Pn=C−Si/2+Mn/20+Cr/20+Nb/2+V/10・・・・(1)式
ここで、(1)式中の元素記号は、それぞれの元素の鋼中含有量(質量%)を意味する。
(2) Feの一部に代えて、さらに質量%で、Ca:0.01%以下及びREM:0.02%以下のうちの1種又は2種を含有することを特徴とする、上記(1)のラインパイプ用鋼材。
(3) Feの一部に代えて、さらに質量%で、Mg:0.008%以下を含有することを特徴とする、上記(1)又は(2)のラインパイプ用鋼材。
(4) 質量%で、C:0.06〜0.09%、Si:0.26%を超えて0.60%以下、Mn:1.3〜1.9%、Cr:0.01〜0.60%、V:0.001〜0.09%、Nb:0.001〜0.09%、Ti:0.005〜0.024%及びsol.Al:0.005〜0.060%を含有し、残部はFeおよび不純物からなり、不純物としてのP:0.020%以下、S:0.004%以下、Cu:0.05%以下、Ni:0.05%以下、Mo:0.05%以下、B:0.0005%以下、N:0.007%以下及びO:0.005%以下であり、下記(1)式から求められるPn値が0.140以下である化学組成を有する鋼片または鋼塊を用いて、加熱、圧延及び加速冷却を行い、下記(2)式から求められるPyr値が76.0以下であることを特徴とするラインパイプ用鋼材の製造方法。

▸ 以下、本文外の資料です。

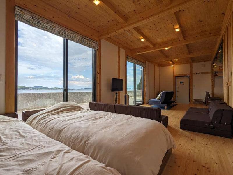 Welcome to Incense Beachfront Villa! Our villa boasts a lawn garden, a calm blue sea, and a stunning view of Shimanami Kaido bridges connecting islands. All rooms have ocean views, ensuring a relaxing and unforgettable stay. Whether you want to unwind or engage in various activities such as sauna, cycling and swimming, we've got you covered. We have a home theater with a 110-inch screen. If you're looking for a unique experience, you can take advantage of sauna with sea view.
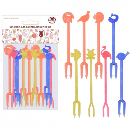 Шпажки для канапе-идеальное решение для праздничного стола. Для фуршетов и вечеринок нет ничего лучше канапе — миниатюрных закусок, нанизанных на шпажки. Фуршетные мини-закуски, приготовленные из овощей, ягод, фруктов, сыров, рыбных и мясных продуктов. На одной стороне изделия расположено острие, на другой декоративный элемент. Канапе нанизываются на шпажки и смотрятся оригинально на праздничном столе. Закуски актуальны не только на фуршете, но и на детском празднике, на вечеринке и как дополнение к банкетным блюдам. Кроме того, такие пики смогут заменить десертные вилочки, с их помощью можно брать небольшие закуски: кусочки сыра, картофель фри, оливки, креветки и т.п. Шпажки предназначены для многоразового использования.

Pn=C−Si/2+Mn/20+Cr/20+Nb/2+V/10・・・・(1)式
ここで、(1)式中の元素記号は、それぞれの元素の鋼中含有量(質量%)を意味する。
Pyr=56.0−1.65Si+104Nb+0.000648(Ts−320)・・・(2)式
ここで、(2)式中の元素記号(SiおよびNb)は、それぞれの元素の鋼中含有量(質量%)を意味し、そして、Tsは加速冷却停止温度(℃)を意味する。
(5) Feの一部に代えて、さらに質量%で、Ca:0.01%以下及びREM:0.02%以下のうちの1種又は2種を含有することを特徴とする、上記(4)のラインパイプ用鋼材の製造方法。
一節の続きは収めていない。